Kognita connects these data sources and produces exactly that kind of output. A CTO can ask "what did our agents build in Q2 that customers actually interact with?" and get an answer grounded in what the codebase actually looks like after the quarter, not in what someone remembers or what Jira says in a status field that may not reflect deployment reality. At the token cost and throughput volume of multi-agent coding, that answer is the difference between a defensible ROI story and a faith-based one.
The ROI conversation that is currently impossible
What a CTO wants to be able to say in the quarterly review: "We spent $55,000 on AI tooling this quarter. That produced the checkout redesign — live for 100% of users — which addressed the top support complaint category and reduced checkout abandonment friction. It produced the search relevance upgrade — also live for 100% of users — which improved search result quality in ways the product team had been requesting for two quarters. The payment retry work is live for enterprise customers and has measurably reduced failed payment rate. Three other projects are complete in engineering and will go live in Q3."
That statement is specific. It connects spend to output to customer exposure. It gives the CFO something to evaluate rather than something to take on faith. It tells the board which of the quarter's work is already producing results and which is deferred.
Most CTOs cannot currently make that statement because the information is not assembled anywhere. The $55,000 is on the invoice. The checkout redesign is in engineering folk memory and a Jira epic. Whether it is live for 100% of users is in a feature flag dashboard that the CTO may or may not have checked. The connection between the spend and the specific customer-visible outcome does not exist as a document anyone can pull before the quarterly review.
Final take
The AI agent cost problem is not that agents are expensive. It is that the expense is precise and the value is invisible. The invoice tells you what you paid. Nothing automatically tells you what you got — which services changed, which changes reached users, which changes addressed what customers cared about, and which changes cost more to clean up than they were worth to ship.

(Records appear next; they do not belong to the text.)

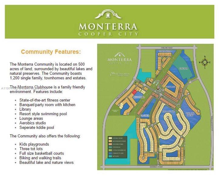 MOTIVATED SELLER! ENTERTAINING OFFERS! THOUGHTFULLY DESIGNED 4-BED, 3-BATH RESIDENCE WITHIN THE EXCLUSIVE GATED COMMUNITY OF MONTERRA IN COOPER CITY. WITH OVER 2,300 SQ. FT. OF LIVING SPACE, THE HOME FEATURES AN OPEN FLOOR PLAN WITH VOLUME CEILINGS, A WELL-APPOINTED KITCHEN THAT FLOWS INTO A COMFORTABLE FAMILY ROOM, WHILE THE SPACIOUS PRIMARY SUITE OFFERS GENEROUS WALK-IN CLOSETS AND A LUXURIOUS BATH COMPLETE WITH A ROMAN TUB, DUAL SINKS, AND A SEPARATE SHOWER. THE PRIVATE OUTDOOR SPACE IS IDEAL FOR ENTERTAINING, FEATURING A POOL AND INVITING GAZEBO. RESORT-STYLE AMENITIES INCLUDE CLUBHOUSE, FITNESS CENTER, BASKETBALL & TENNIS COURTS, TOT LOT, DOG PARK, AND WALKING TRAILS. A+ RATED SCHOOLS AND CONVENIENT ACCESS TO SHOPPING, DINING, HOUSE OF WORSHIP, AND MAJOR HIGHWAYS.
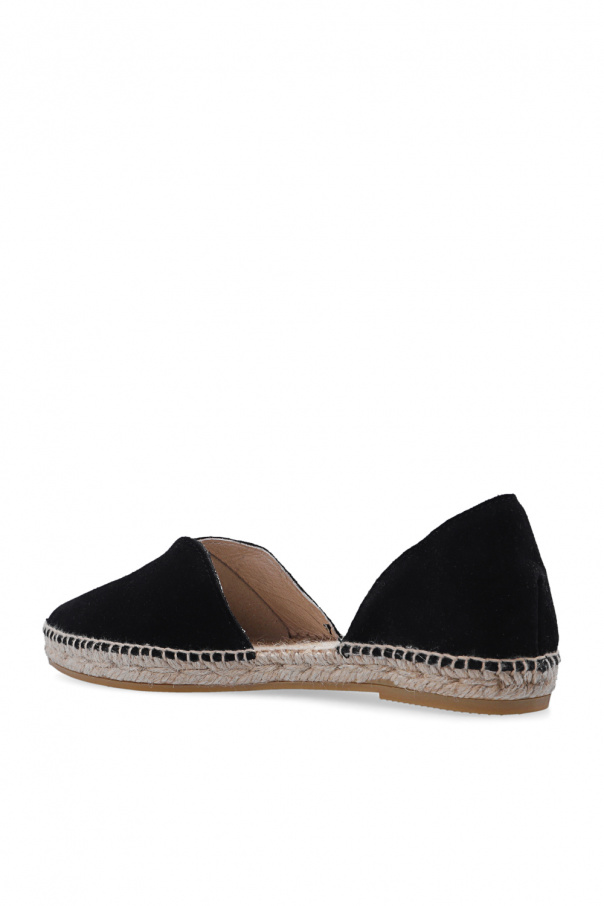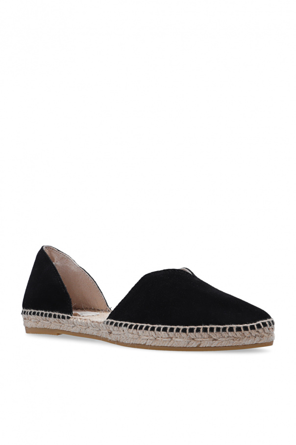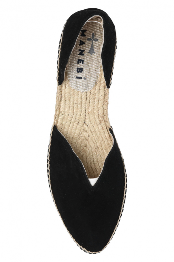 Black ‘Hamptons’ espadrilles from Manebi. Crafted from suede, this model features cut-out detailing on the front and a beige sole in woven jute and natural rubber.
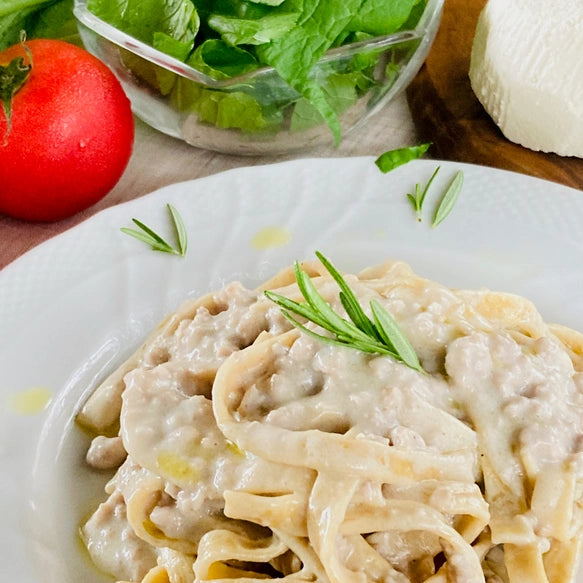 パスタは、卵入り幅広パスタに地元綾町のブランド豚肉で作ったミートソースを合わせたものとイタリア産有機ホールトマトを長時間煮込んで作ったトマトソースと九州産牛乳で作ったフレッシュチーズを合わせたもの、地元産ブレンド豚肉を使った自社製ソーセージに国産豆乳と米粉で作ったホワイトソースを合わせたものの3種類♪
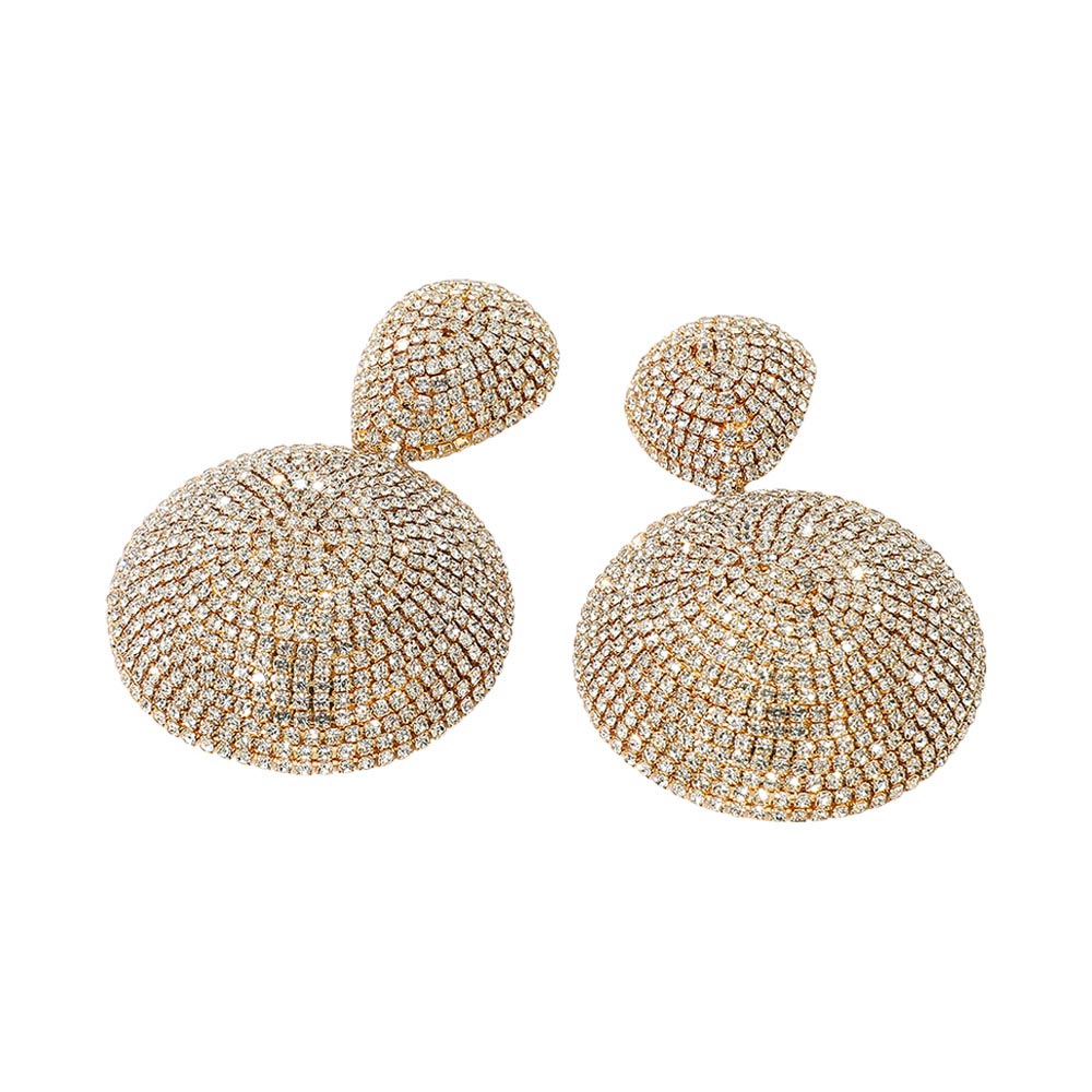Bold Rhinestone Pave Dome Drop Statement Earrings
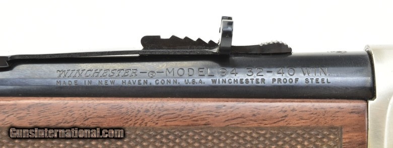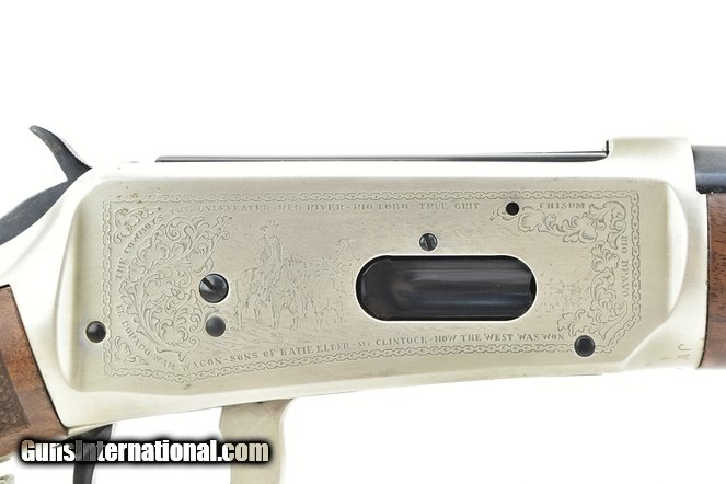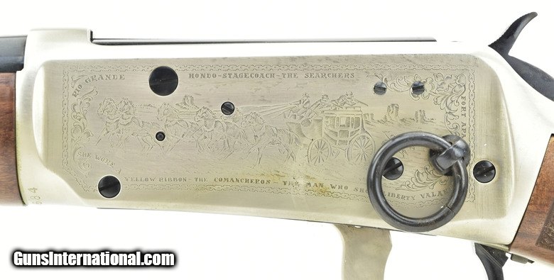 Description: Winchester “John Wayne” Commemorative. Model 1894 “John Wayne” .32-40 Win caliber carbine. 1981 Issue. Excellent condition with box, sleeve is torn.
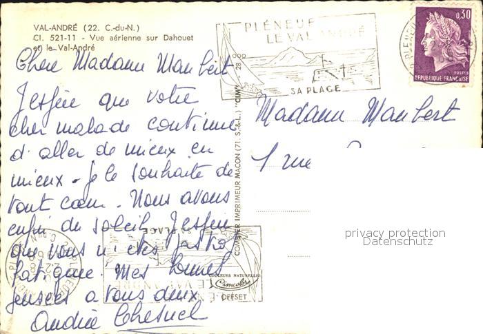 12494944 carte postale Val-Andre Fliegeraufnahme postalisch gelaufen Erhaltung siehe scans KatCode: 11170022422186
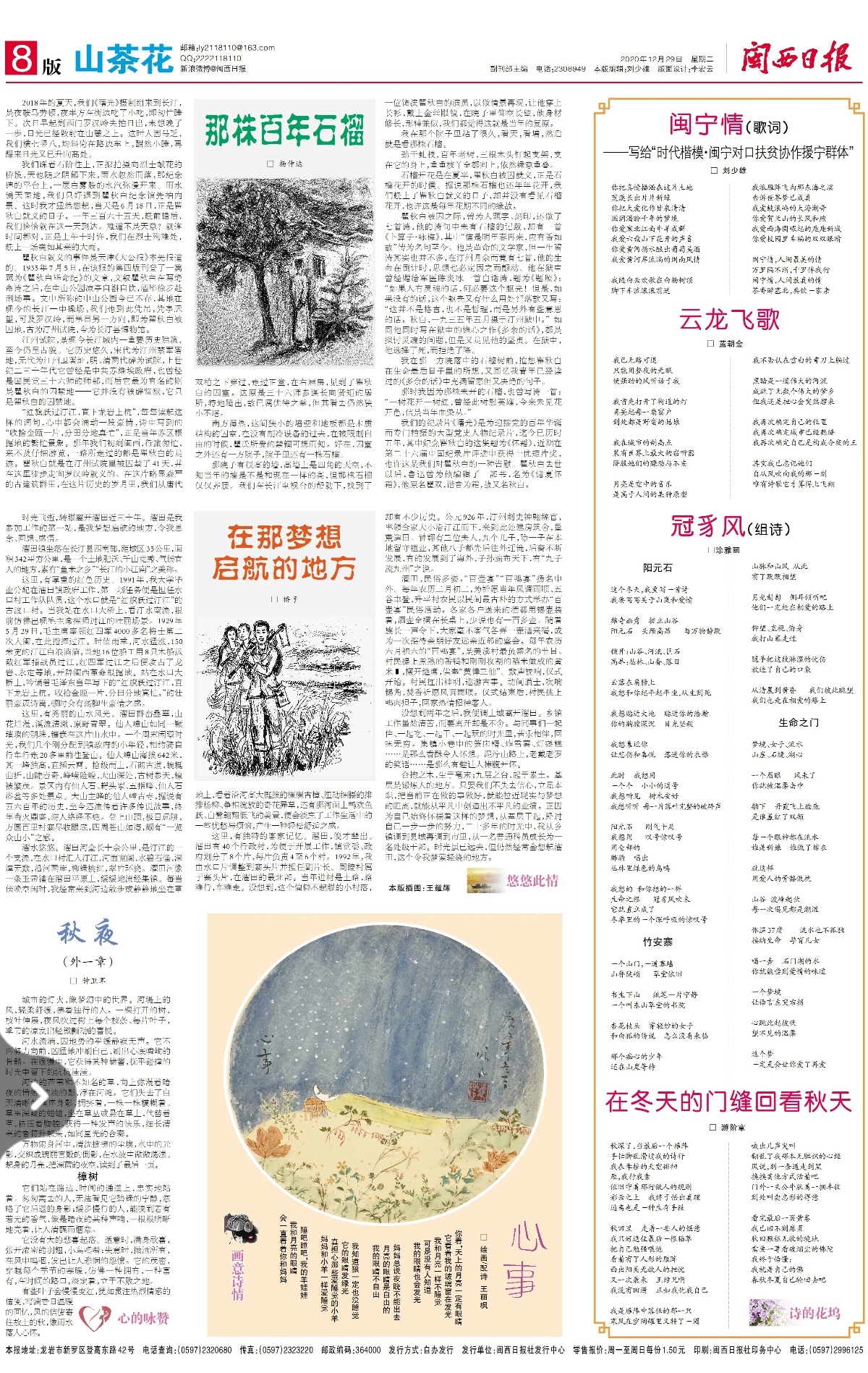 □ 劉少雄 你把真情播灑在這片土地 荒漠長出片片新綠 你把大愛化作甘泉清清 滋潤渴盼千年的夢境 你愛塞北江南牛羊成群 我愛六盤山下花開的聲音 你愛黃河揚(yáng)水釀出葡萄美酒 我愛黃河岸流淌的閩南風(fēng)情 我隨白云歡歌在白楊樹頂 腳下車流滾滾前進(jìn) 我派雁陣飛向那東海之濱 告訴世界夢已成真 我愛鼓浪嶼的大海潮音 你愛賀蘭山的長風(fēng)和煦 我愛西海固崛起的座座新城 你愛校園里幸福的雙雙眼睛 閩寧情,人間最美的情 萬里隔不斷,千里伴我行 閩寧情,人間最真的情 茶香醉塞北,共飲一家親
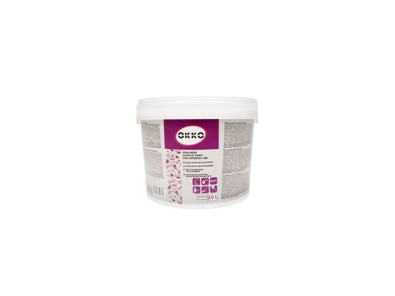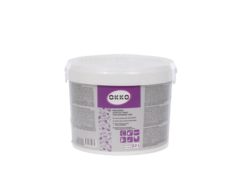 Brand- Okko. Quantity in package, l- 10. Paint type- Emulsion. Paint color- White. Shine- Matte. Resistance to wet scrubbing- 5 strength class. Thinner- Water. For finishing works- Indoor. Suitable for coating surfaces- , , Plasterboard, , , . Drying time (before repainting)- 2 - 2h. Additional information- Acrylic paints. The binder used in the paints is acrylic..

Connecting the output layer — codebase state, Jira epics, deployment reality — to business-readable summaries is not a nice-to-have for AI-forward engineering organizations. It is the infrastructure that makes the investment legible. Without it, the AI spend grows every quarter on the invoice while the value conversation stays stuck at "trust us, velocity is up." The invoice shows what you spent. Kognita shows what you got.